It's in their heads to get back together again
The Associated Press
It's easy to laugh about it now, but Chris Ballew of the Presidents of the United States of America wasn't laughing when he decided that he'd had it with the rock 'n' roll lifestyle.
"I definitely could've handled it better," Ballew, the Seattle band's lead singer and guitarist, recalled. "We met up for a band meeting, and I started by saying, `Hey, before we get started, there's something I need to bring up. I quit.' "
Bassist Dave Dederer and drummer Jason Finn said they were surprised only by the timing of the October 1997 announcement, not the idea.
Dederer gave Ballew a nudge in the Seattle restaurant booth where the band noshed on fried calamari and French fries during a recent interview.
"He's a quitter," Dederer said, leaning toward a tape recorder. "Did you get that? Quit-ter. We should've renamed ourselves The Quitters."
Instead, the one-time top-10 band has shortened its name - now just The Presidents - and reunited for a fourth album, due in stores in September.
The new album may surprise those who attended the band's farewell concert in January 1998 at Seattle's Paramount Theatre. Band members swore it was the last time anyone would hear from them.
It was a defining moment in Seattle music history. Photos, smashed guitars and a pair of Ballew's shoes from the show - along with Ballew's original handwritten lyrics that became the hit "Lump" - are enshrined at the new Experience Music Project museum.
For a while, The Presidents were willing to let the band and its songs collect dust in the annals of rock 'n' roll. Even the name was getting old.
"It was a one-note gag," Finn said. "We're now gag-less."
That's hard to believe from a band that made its reputation on the playful punk-tinged songs "Peaches," "Boil Weevil," "Kitty" and "Lump." The band's first album, produced in 1995, went triple platinum, though the second, appropriately called "II," barely made it to gold status.

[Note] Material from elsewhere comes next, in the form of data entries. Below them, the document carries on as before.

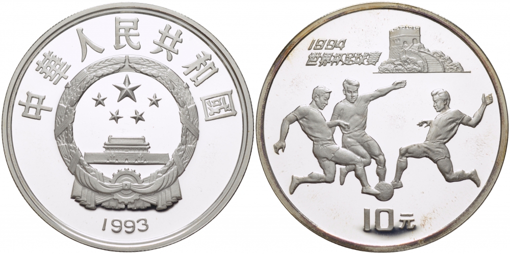 Китай 10 юаней 1993 футбол, три игрока KM 521 серебро PROOF 04-312-12
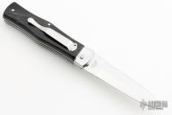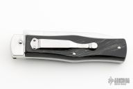 This lever auto from Mikov Knives has a mirror polished spear point blade with false top edge and a fileworked spine. The handle has stainless steel bolsters and liners, buffalo horn scales, stainless steel backspacer. Stainless steel tip down pocket clip.  Action is smooth and strong. Includes the original box and a brown leather sheath.  Excellent Condition.
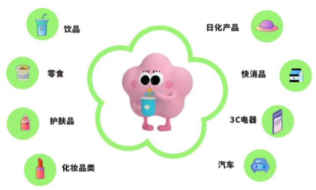 合作品類涵蓋:飲品、零食、護膚品及化妝晶類、日化產品、快消品、3C電器、汽車等。
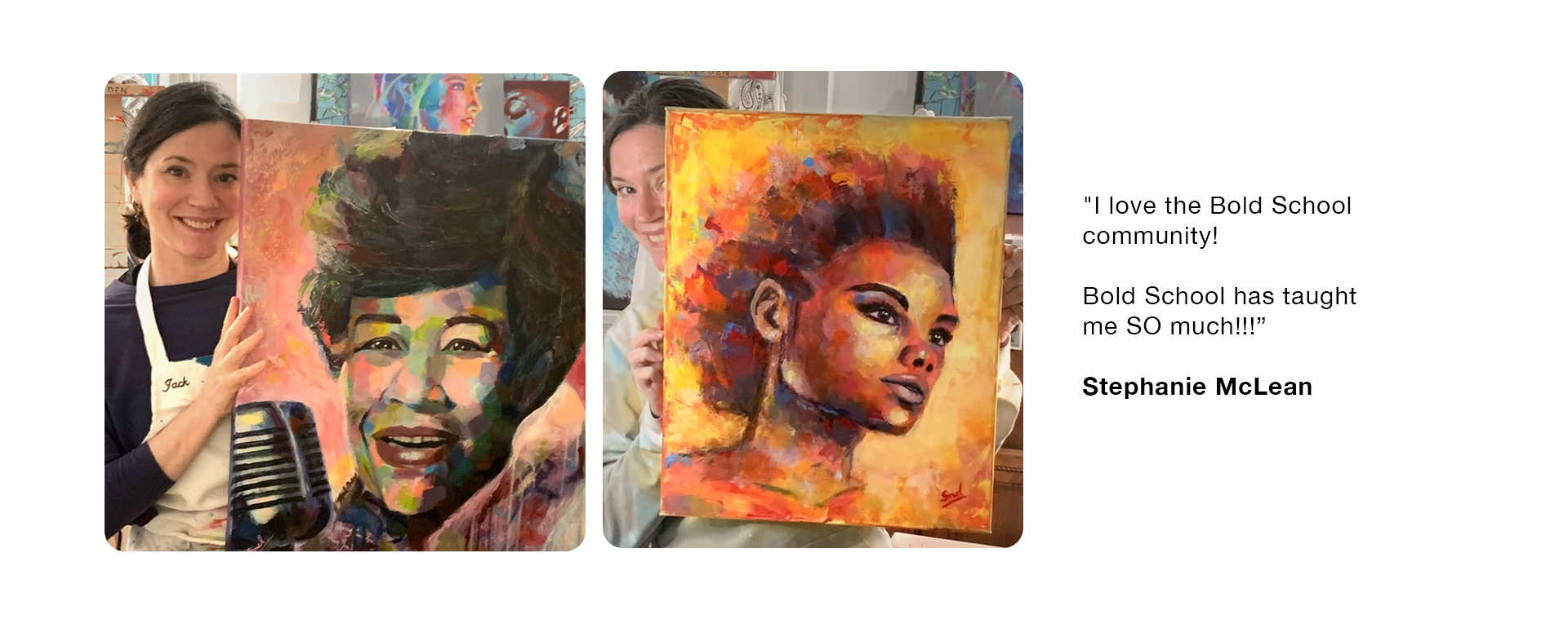 What you’ll learn in Bold School is based on over 20 years of experience in the art world and a decade of teaching her process both in person and online.
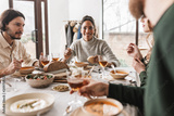 Smiling african american woman with dark curly hair sitting at the table eating soup with slice of bread in hand dreamily looking aside. Group of young international friends having lunch in cozy cafe
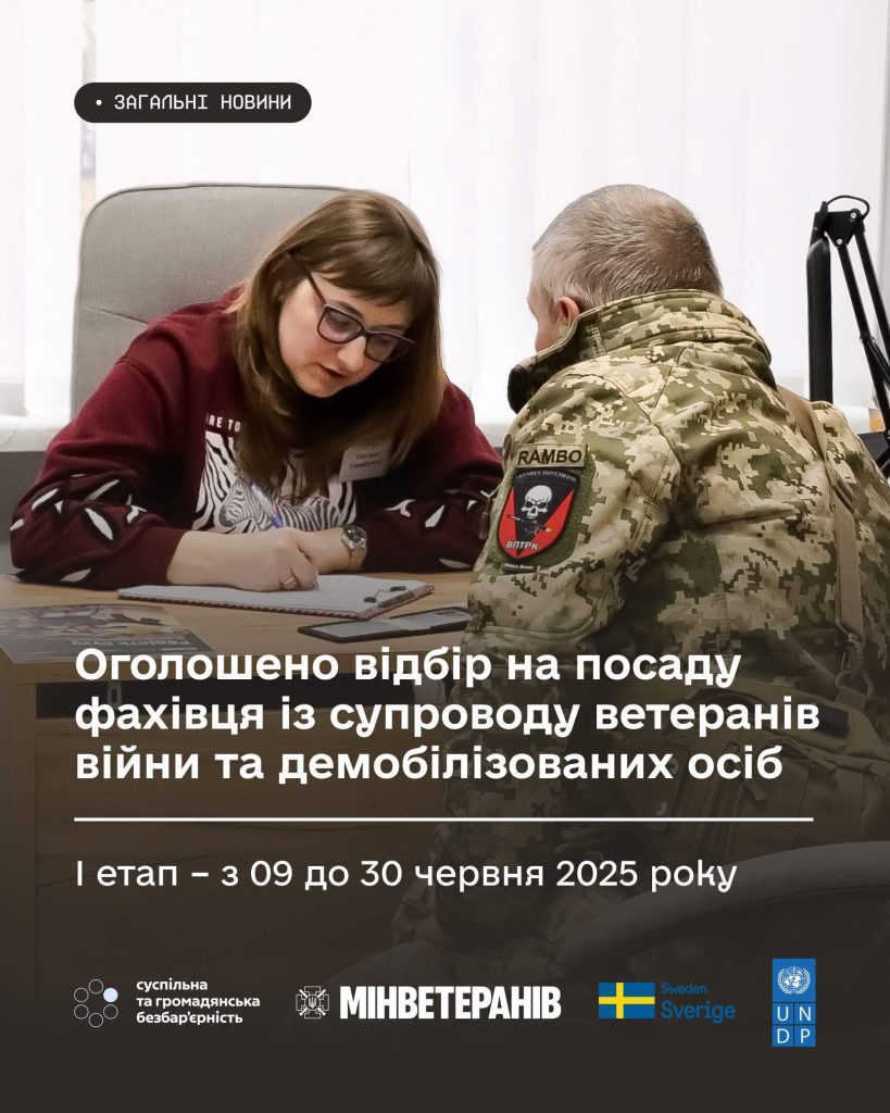 Послугу подачі заяви на відбір розроблено Мінветеранів за сприяння «Проєкту підтримки Дія», що реалізується Програмою розвитку ООН (ПРООН) в Україні за фінансування Швеції.

The Presidents tried to capitalize on their success and ran themselves ragged. They worked nonstop for nearly three years: touring, recording and touring again.
"It was such an adjustment, just going home and being with my wife," Ballew said. "I was so exhausted I'd just zone out. And I couldn't trash the bathroom and just leave it for housekeeping to clean up. There was no housekeeping."

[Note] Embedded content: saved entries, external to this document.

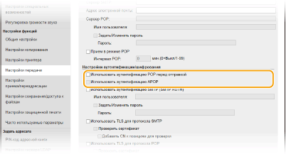 Чтобы использовать POP3-сервер для аутентификации перед отправкой электронной почты или интернет-факсов, установите этот флажок.
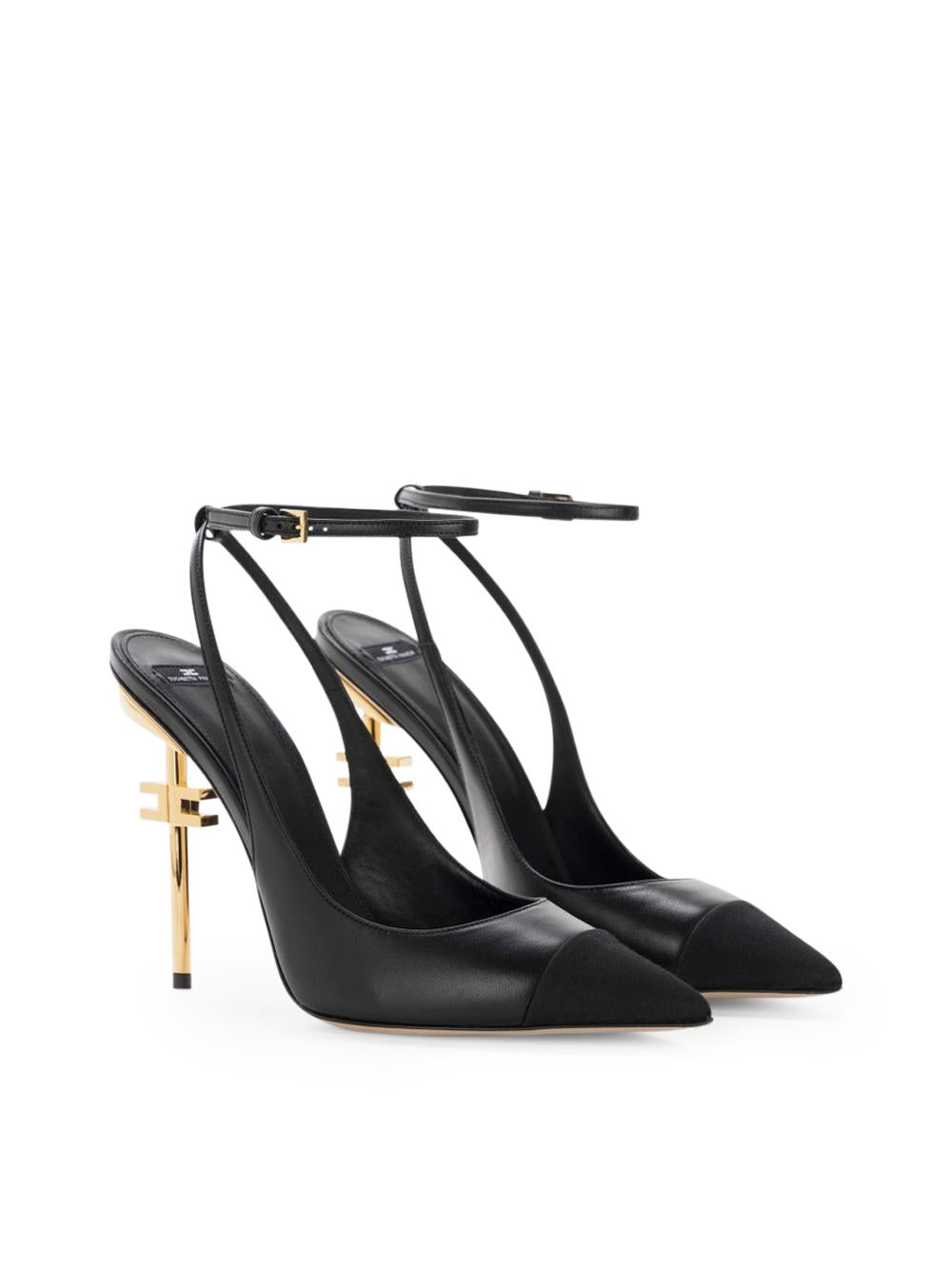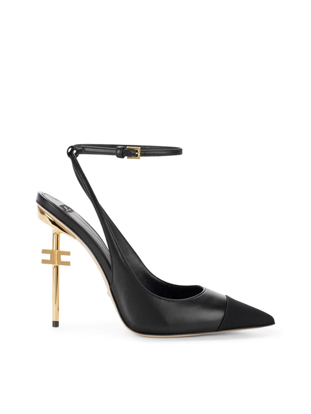 - Slingback in nappa con puntalino in tessuto gros grain e cinturino regolabile alla caviglia
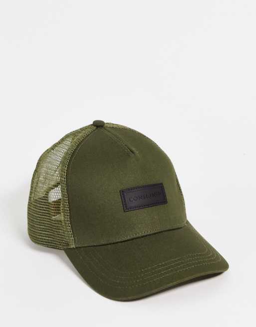 Consigned mesh trucker cap in khaki
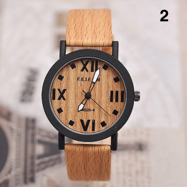 FEIFAN Men Women Vintage Wood Grain Roman Number Quartz Watch
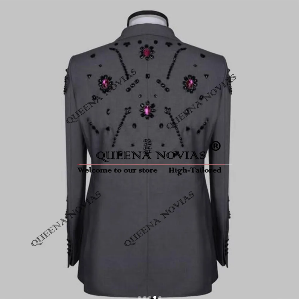 Grey Designer Groom Wedding Suits Metallic Jewelry Stones Prom Blazer Outfits Customized 2 Pieces Man Banquet Party Men Tuxedos

So the band quit. A third album of B-sides, live cuts, outtakes and covers, called "Pure Frosting," was released just before the Paramount show. And that was it.
After the breakup and some down time at home, Ballew started working with other Seattle-area musicians, going back to playing in local clubs and bars. Dederer played with others as well but took some additional time to be with his wife and kids.
Finn became a partner in the Asteroid Cafe, an Italian restaurant in Seattle. He also joined a number of local bands and still plays with many of them, both in recording sessions and at gigs.
Last year the three teamed up with Seattle-based rap star Sir Mix-A-Lot for a new project, which they called Subset. It was both creatively satisfying and a local success. Subset was featured at the grand-opening concerts for Experience Music Project, where Dederer volunteers his time for educational outreach.
During their work on Subset, the former Presidents found they were enjoying themselves. When the independent label MusicBlitz approached the band, they decided to take another trip to the studio.
"I like working with Dave and Jason, don't get me wrong. We work well together," Ballew said.
Their newest album, "Freaked Out and Small," is the result of just 10 days of what the band calls "banker's hours." But during those sessions, The Presidents discovered a fuller sound, adding piano and Hammond organ.
The band's maturity and experience comes to the fore on some tracks. "Heading Out," one of Ballew's favorites, highlights the band's frustrations and fatigue from its previous incarnation.
It's that lingering frustration that Ballew says makes a reunion tour unlikely.
"I just don't want to go back to that again," Ballew said. "Call me a quitter, great. I'm really proud of this album, and I'm glad I did it. Let it stand on its own. It's a great piece of work."
Dederer and Finn nodded, but after the interview, at least one President hinted there might be more to come.